The classic intuition from Shlens' PCA tutorial: a ball oscillates along one hidden axis, but a tilted camera records its position in an arbitrary x/y frame. The bars show the payoff — under the camera axes the 1-D motion is split across both coordinates (you need two numbers), but in the PCA basis almost all the variance lands on PC1, so one number describes it. Drag Camera tilt: the worse your axes, the more numbers you waste describing the same motion.

The parent Dimensionality Reduction page has the interactive viz — drag the projection axis and watch the histogram width tell you how much variance lives along that direction. PCA, analytically, picks the axis that maximises that width.

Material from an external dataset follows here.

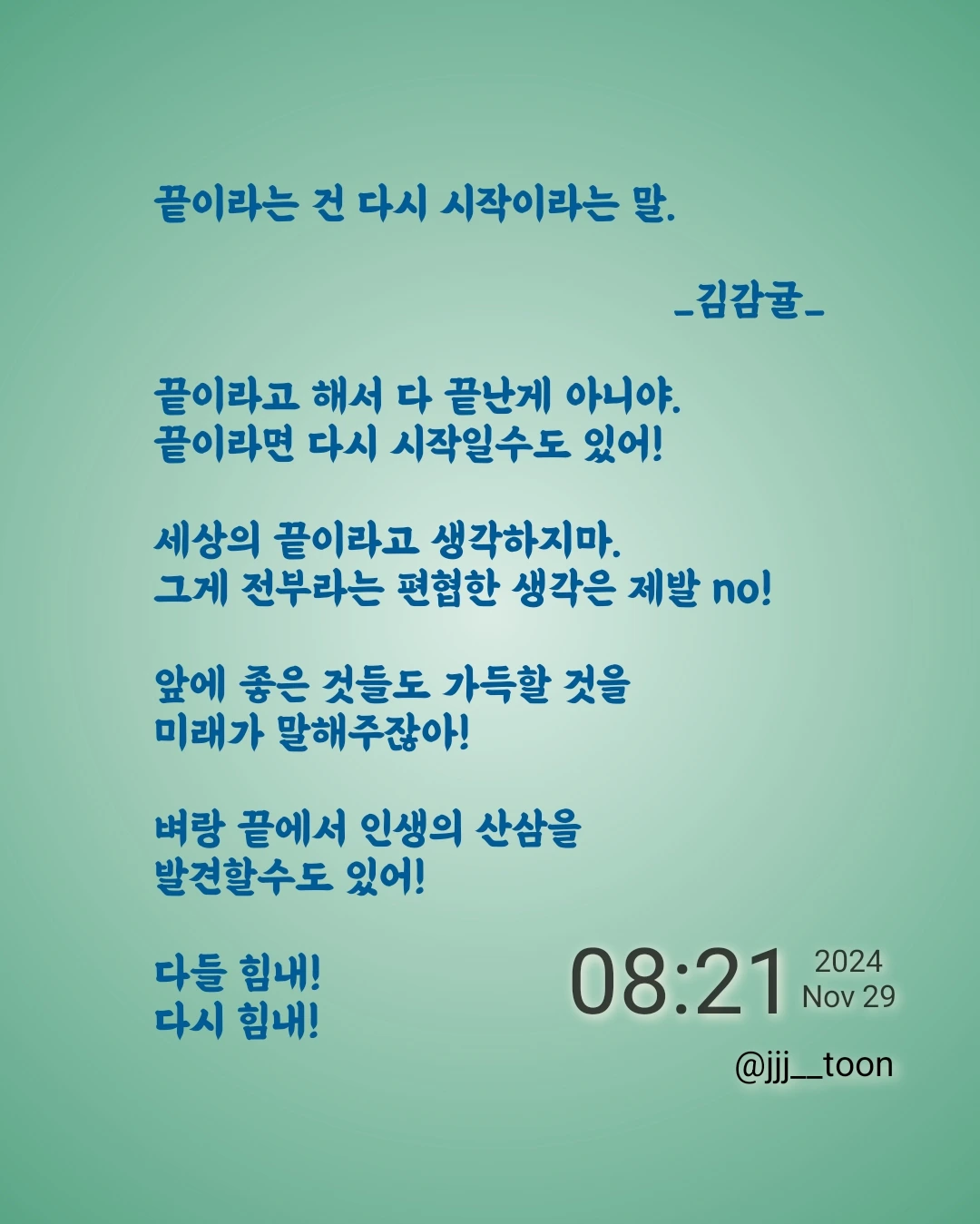 김감귤의 브런치입니다. 시, 짧은 글, 일기를 쓰기도 하며, 자유롭게 글을 쓰고 생각을 표현하는 활동을 좋아합니다. 개인 가치관이나 경험에 비춰 글을 읽을 수 있다고 생각합니다.
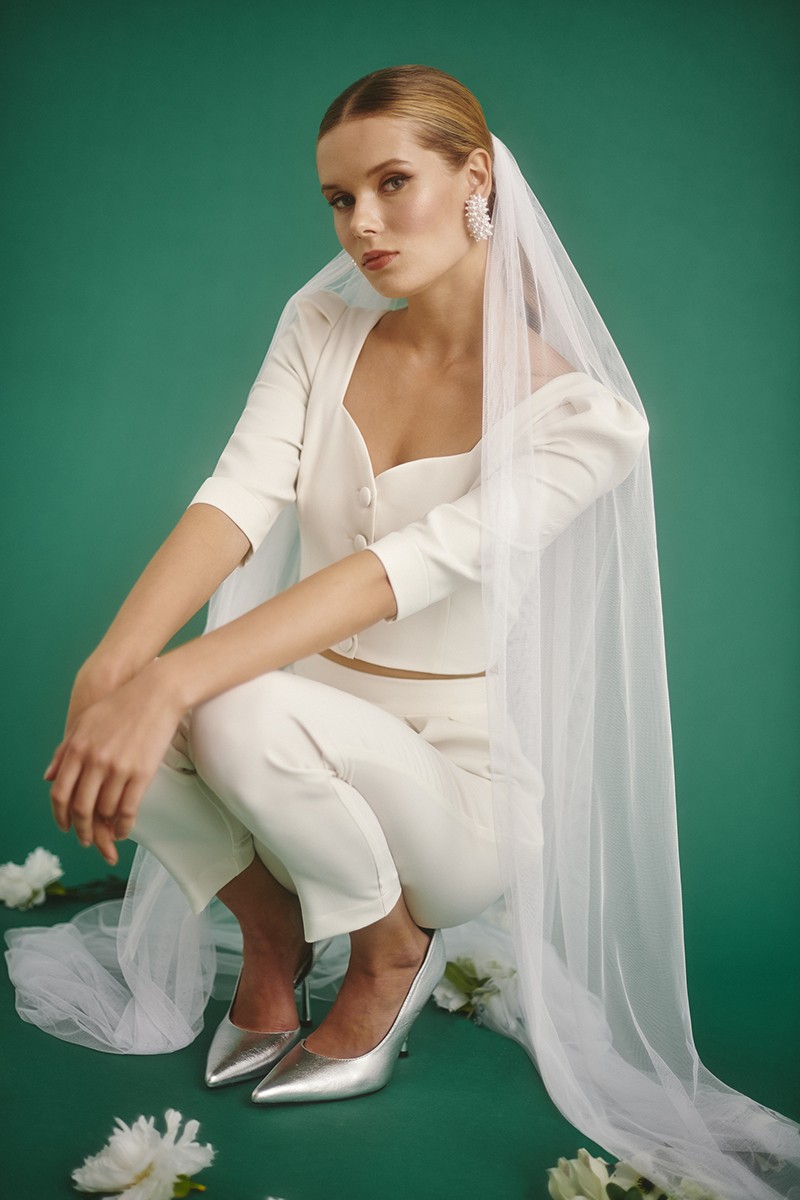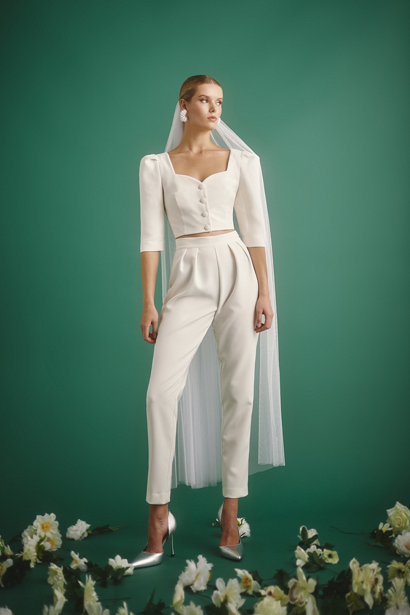 Precioso conjunto de dos piezas de palazzo y top confeccionado en un crep de alta calidad blanco. (...)

What you get. A new orthogonal basis (the principal components, PCs) ordered by variance. The "explained variance ratio" tells you how much information each PC carries. Usually the first 2–10 PCs are enough to capture most of the signal in real datasets.

Why it works. The PCs are eigenvectors of the covariance matrix; eigenvalues are the variances. Equivalently, the top PCs are the left singular vectors of the data matrix. The math is exact, the result is unique (up to sign), the algorithm runs in seconds.

Reach for it when

  • You need linear dimensionality reduction (compression, denoising)
  • You want to visualise high-D data quickly
  • Decorrelating features before another model
  • Whitening data for stable training
  • Quick "is there structure?" sanity check

Skip it when

  • Structure is genuinely non-linear (use t-SNE / UMAP / autoencoder)
  • You need interpretable individual dimensions (PCs are mixtures)
  • Variance ≠ information for your problem (e.g., sparse + high-cardinality)
  • Features are on wildly different scales — standardise first, or it gets dominated

from sklearn.decomposition import PCA
from sklearn.preprocessing import StandardScaler

# Always standardise first
X_std = StandardScaler().fit_transform(X)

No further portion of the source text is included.